The treatment, consisting of an intramuscular injection every 8 weeks of a mixture of 1000mg of testosterone (the main male sex hormone) and 200mg of norethisterone enanthate (basically a derivative of the female hormones progesterone and estrogen). The latter acts on the brain’s pituitary gland to stop the production of sperm and testosterone in the testicles, while the former helps to counteract the effects of the loss of natural testosterone production.

According to a press release put out by Contraception Research and Development (CONRAD), one of the research firms involved in the study, the treatment had a 96% success rate among the 320 male participants (and their non-pregnant partners), with over 75% of participants stating that they are satisfied with the treatment and would continue to use it, but came with some side effects:

“The regimen led to a near-complete and reversible suppression of spermatogenesis, or sperm production. The contraceptive efficacy compared favourably to other reversible methods available for men. However, the frequency of side effects was relatively high, which included: acne, injection site pain, increased libido, and mood disorders. Due to these adverse events, the study was terminated before its completion.”

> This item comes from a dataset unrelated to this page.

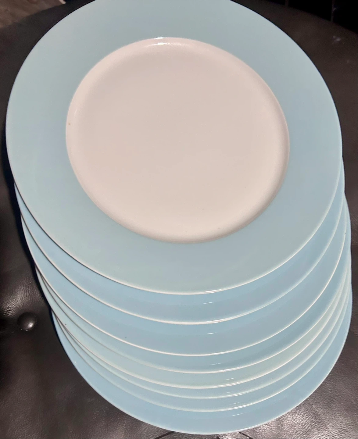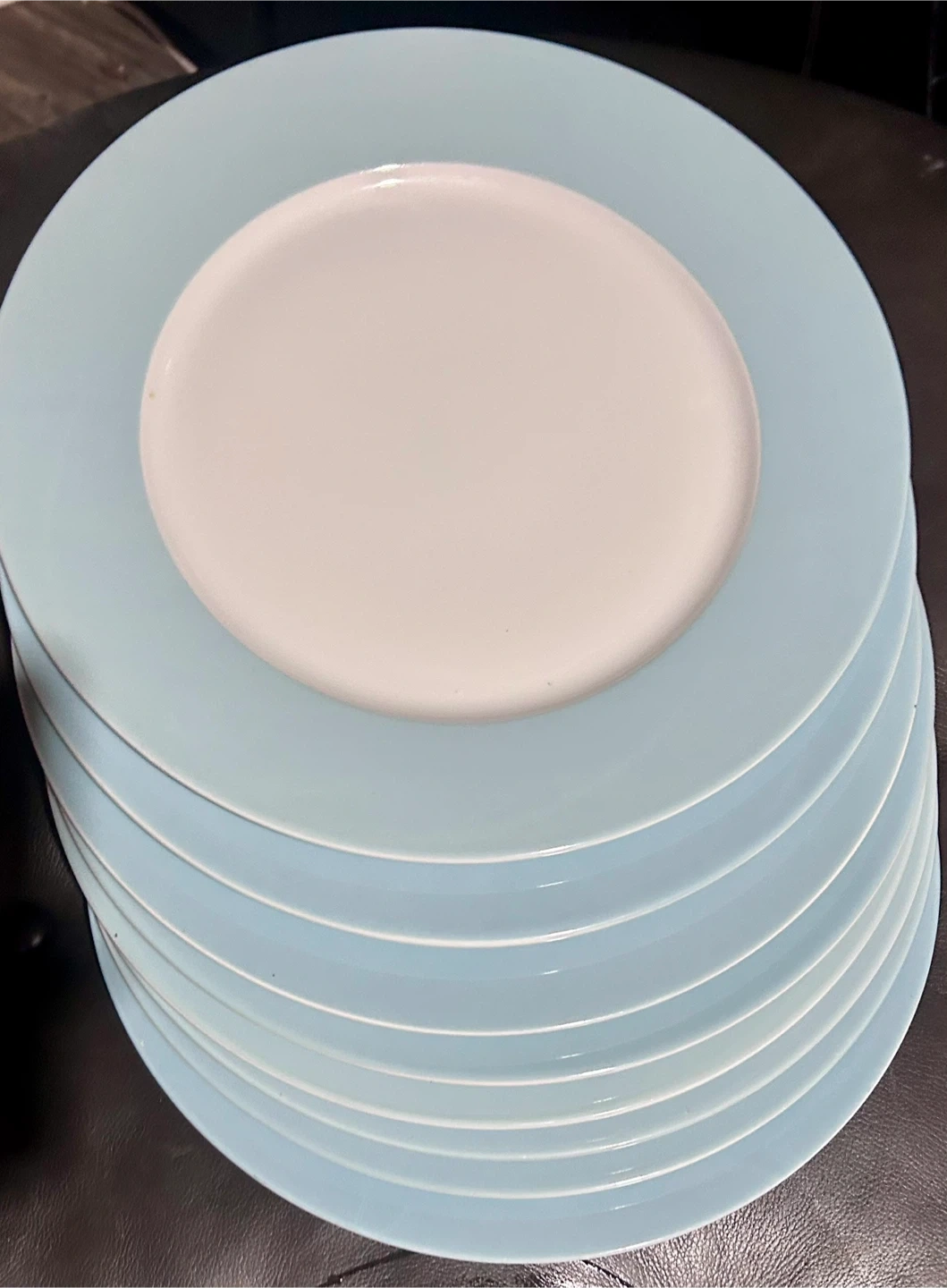 Selling a set of 8 IKEA dinner plates! They're a lovely light blue color with a white center. Designed by Susan Pryke and made in Turkey. 12.5” diameter. Sturdy and undamaged.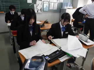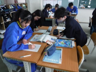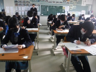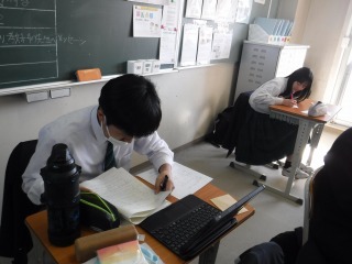 17日、18日に公立高校入学検査を受検した3年生は、2日ぶりの登校です。今日は、自己採点をしています。入試が終わり、クラスの友人と会えて嬉しそうな顔が見られます。

The study was halted on the recommendation of the independent committee established by CONRAD and the World Health Organization. This has lead a number of media outlets to put forth the assertion that the research has been entirely halted because the men involved didn’t think that the side-effects were worth it, despite the fact that many female-only contraception options currently on the market have very similar side-effects. The resulting “men need to toughen up and deal with the side effects women already deal with” narrative has lead to a number of misconceptions I’d like to clear up:

First of all, the pill was originally approved for use in 1960 – a year before sweeping reforms in the FDA’s drug approval process lead to much tighter regulations on drug control trials. The number of women participating in the original trials, as well as the short length of time they were studied, has lead many to criticize the pill’s original approval as hasty. In the intervening timeframe we have seen a number of studies examining the potential health risks (notably blood clots and potential long-term susceptibility to mood disorders such as depression) associated with the pill.

Secondly, research in the area of male birth control has not been “halted” as a result of this study’s premature termination; the study was a Phase II trial (the second of the three phases of drug testing prior to release to a market), and was never meant to develop a marketable product in the first place, only to evaluate the effectiveness and safety of one currently in the middle of development. In fact, researchers have hailed the results as a great breakthrough in a field that has been largely stagnate for 40+ years, and the scientists involved hope that future research will continue these developments. The press release even states that “given the efficacy and acceptability of this method, despite side effects, there continues to be a strong rationale for continuing research.”

So although it is certainly unfair to have women continue to take a product with unpleasant and potentially unsafe side-effects while the male version receives additional safety reviews, this is the product of a very different historic and scientific climate than exists today, and this clinical trial is simply trying to avoid repeating the missteps of the past. Yes, there is an undeniable, unequal burden of contraception placed on women, but I find it unfair to disparage the results of a study which is being conducted with the express goal of eventually bridging this gap.